Task prompt ->
Set down the full listing exactly as given. Any pictures are to be left out.
(Beginning of Supplied information)
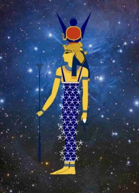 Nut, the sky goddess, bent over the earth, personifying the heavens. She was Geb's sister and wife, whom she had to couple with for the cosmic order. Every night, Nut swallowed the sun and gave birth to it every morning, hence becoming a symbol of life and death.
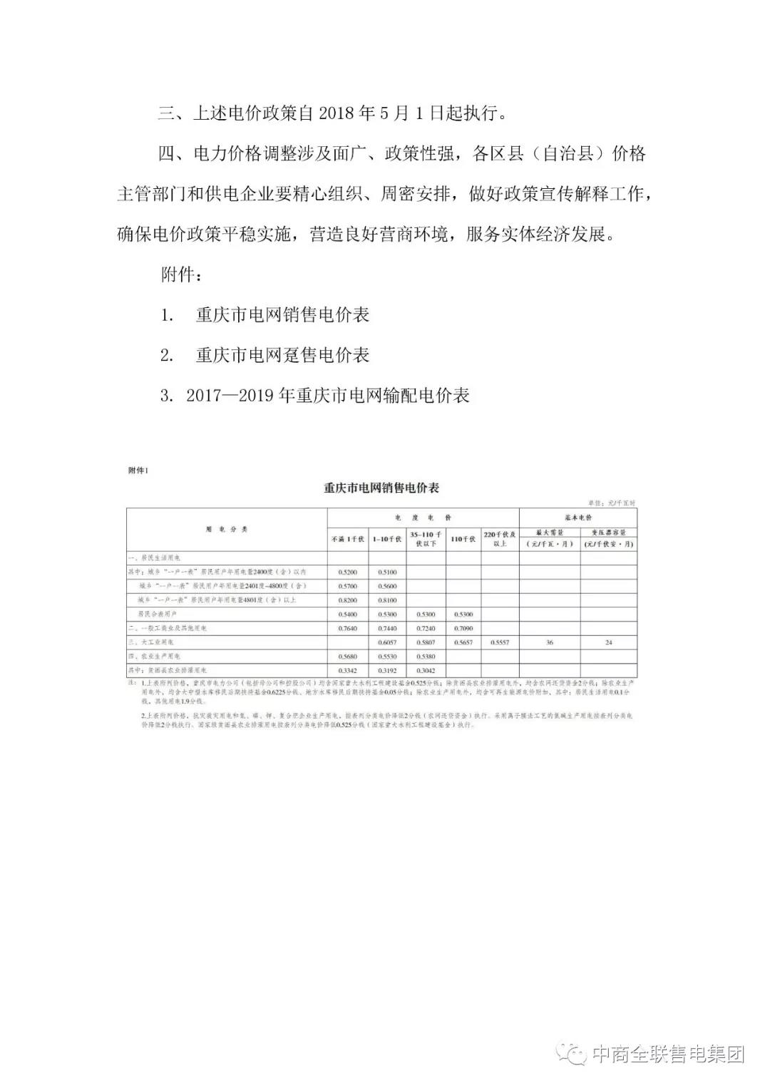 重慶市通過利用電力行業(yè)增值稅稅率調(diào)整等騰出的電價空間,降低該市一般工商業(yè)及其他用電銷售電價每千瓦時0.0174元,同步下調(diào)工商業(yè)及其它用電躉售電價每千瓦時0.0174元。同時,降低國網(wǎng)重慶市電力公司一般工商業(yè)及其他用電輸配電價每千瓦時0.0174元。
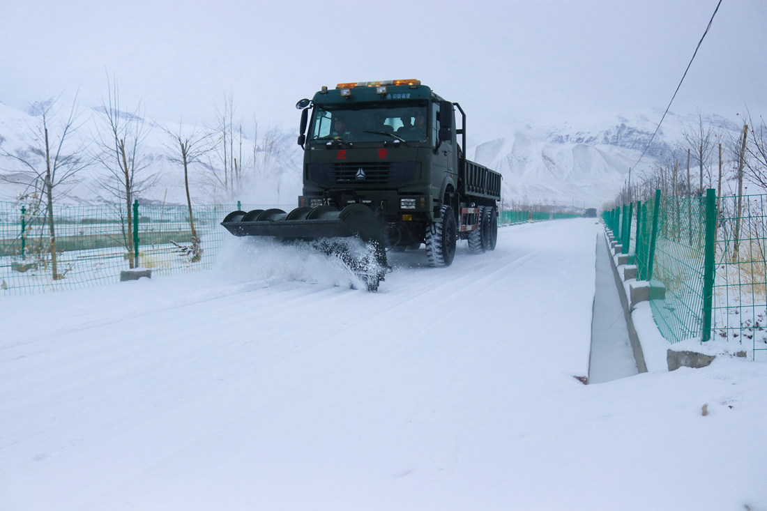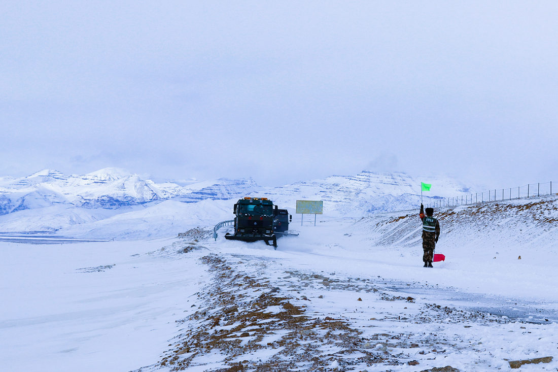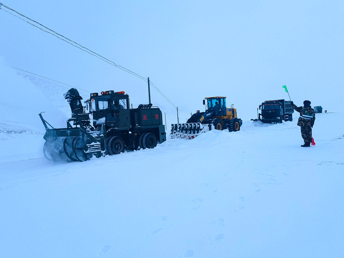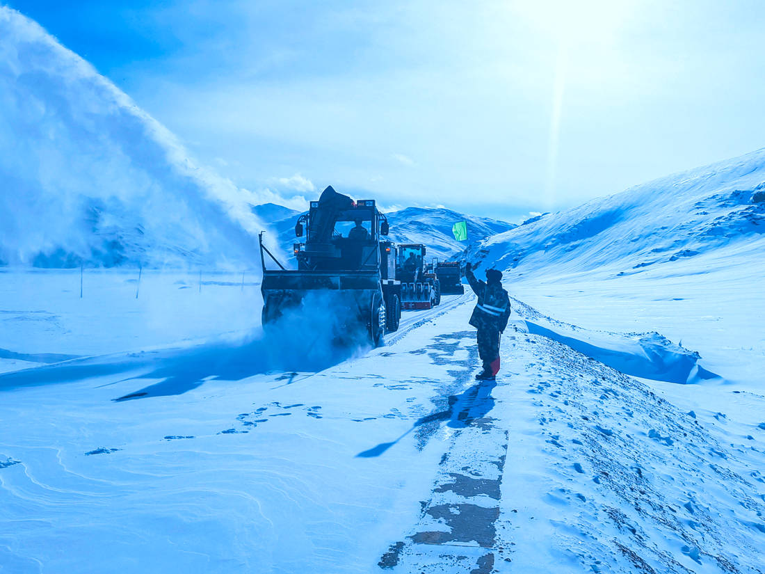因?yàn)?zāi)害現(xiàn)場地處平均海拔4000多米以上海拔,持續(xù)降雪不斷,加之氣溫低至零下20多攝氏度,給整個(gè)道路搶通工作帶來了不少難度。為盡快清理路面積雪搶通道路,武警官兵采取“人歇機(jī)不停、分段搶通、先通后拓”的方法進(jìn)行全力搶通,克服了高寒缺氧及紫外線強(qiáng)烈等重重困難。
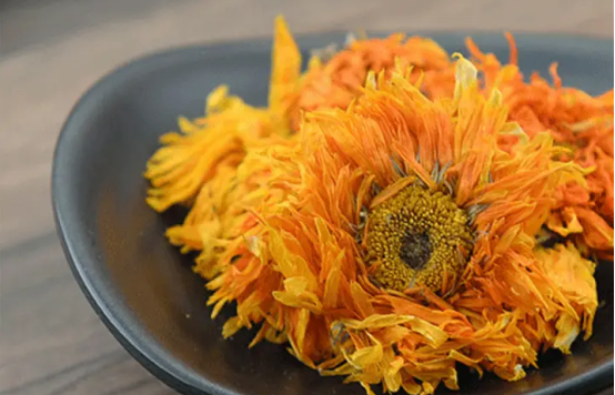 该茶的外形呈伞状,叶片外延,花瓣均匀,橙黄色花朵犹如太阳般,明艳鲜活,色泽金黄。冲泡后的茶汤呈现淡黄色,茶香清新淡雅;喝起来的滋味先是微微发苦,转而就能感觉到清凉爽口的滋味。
(End of Supplied information)
Answer below ->
 Nut, the sky goddess, bent over the earth, personifying the heavens. She was Geb's sister and wife, whom she had to couple with for the cosmic order. Every night, Nut swallowed the sun and gave birth to it every morning, hence becoming a symbol of life and death.
 重慶市通過利用電力行業(yè)增值稅稅率調(diào)整等騰出的電價空間,降低該市一般工商業(yè)及其他用電銷售電價每千瓦時0.0174元,同步下調(diào)工商業(yè)及其它用電躉售電價每千瓦時0.0174元。同時,降低國網(wǎng)重慶市電力公司一般工商業(yè)及其他用電輸配電價每千瓦時0.0174元。
因?yàn)?zāi)害現(xiàn)場地處平均海拔4000多米以上海拔,持續(xù)降雪不斷,加之氣溫低至零下20多攝氏度,給整個(gè)道路搶通工作帶來了不少難度。為盡快清理路面積雪搶通道路,武警官兵采取“人歇機(jī)不停、分段搶通、先通后拓”的方法進(jìn)行全力搶通,克服了高寒缺氧及紫外線強(qiáng)烈等重重困難。
 该茶的外形呈伞状,叶片外延,花瓣均匀,橙黄色花朵犹如太阳般,明艳鲜活,色泽金黄。冲泡后的茶汤呈现淡黄色,茶香清新淡雅;喝起来的滋味先是微微发苦,转而就能感觉到清凉爽口的滋味。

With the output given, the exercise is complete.